▶ [DATA EXCERPT]

▼

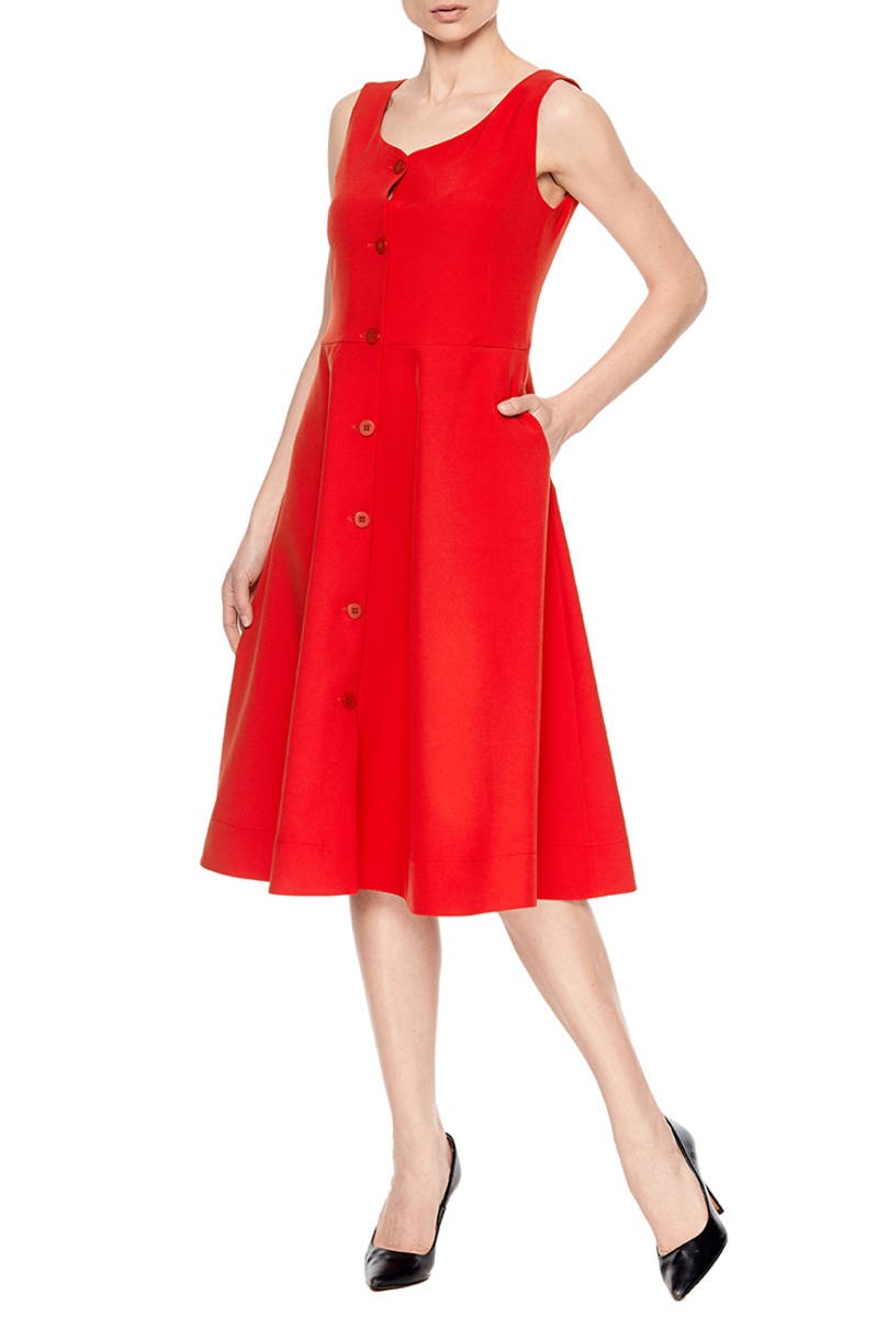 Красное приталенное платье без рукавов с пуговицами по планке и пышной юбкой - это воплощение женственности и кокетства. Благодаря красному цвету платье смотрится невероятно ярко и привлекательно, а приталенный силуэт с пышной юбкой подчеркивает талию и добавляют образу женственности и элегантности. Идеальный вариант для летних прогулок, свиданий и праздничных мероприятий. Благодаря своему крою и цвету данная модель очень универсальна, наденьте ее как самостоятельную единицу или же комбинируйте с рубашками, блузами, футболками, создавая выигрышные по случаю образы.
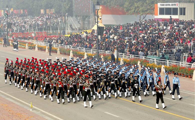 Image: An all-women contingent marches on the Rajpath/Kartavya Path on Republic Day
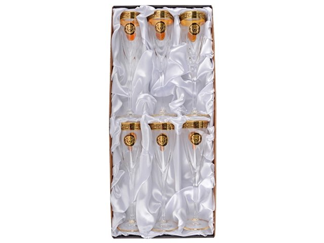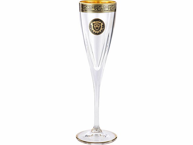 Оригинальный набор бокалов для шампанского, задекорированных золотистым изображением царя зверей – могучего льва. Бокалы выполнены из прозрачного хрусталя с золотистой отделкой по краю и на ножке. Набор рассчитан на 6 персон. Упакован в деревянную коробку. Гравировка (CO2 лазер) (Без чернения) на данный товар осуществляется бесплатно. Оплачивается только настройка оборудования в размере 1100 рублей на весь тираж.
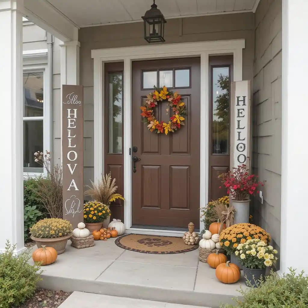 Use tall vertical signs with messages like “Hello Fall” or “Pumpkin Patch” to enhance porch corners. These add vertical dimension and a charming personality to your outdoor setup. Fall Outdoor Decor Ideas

▲

▶ [WHAT THE TASK REQUIRES] Nothing but the pictures should be left out when the material above is copied.

▶ [WRITTEN REPLY]
 Красное приталенное платье без рукавов с пуговицами по планке и пышной юбкой - это воплощение женственности и кокетства. Благодаря красному цвету платье смотрится невероятно ярко и привлекательно, а приталенный силуэт с пышной юбкой подчеркивает талию и добавляют образу женственности и элегантности. Идеальный вариант для летних прогулок, свиданий и праздничных мероприятий. Благодаря своему крою и цвету данная модель очень универсальна, наденьте ее как самостоятельную единицу или же комбинируйте с рубашками, блузами, футболками, создавая выигрышные по случаю образы.
 Image: An all-women contingent marches on the Rajpath/Kartavya Path on Republic Day
 Оригинальный набор бокалов для шампанского, задекорированных золотистым изображением царя зверей – могучего льва. Бокалы выполнены из прозрачного хрусталя с золотистой отделкой по краю и на ножке. Набор рассчитан на 6 персон. Упакован в деревянную коробку. Гравировка (CO2 лазер) (Без чернения) на данный товар осуществляется бесплатно. Оплачивается только настройка оборудования в размере 1100 рублей на весь тираж.
 Use tall vertical signs with messages like “Hello Fall” or “Pumpkin Patch” to enhance porch corners. These add vertical dimension and a charming personality to your outdoor setup. Fall Outdoor Decor Ideas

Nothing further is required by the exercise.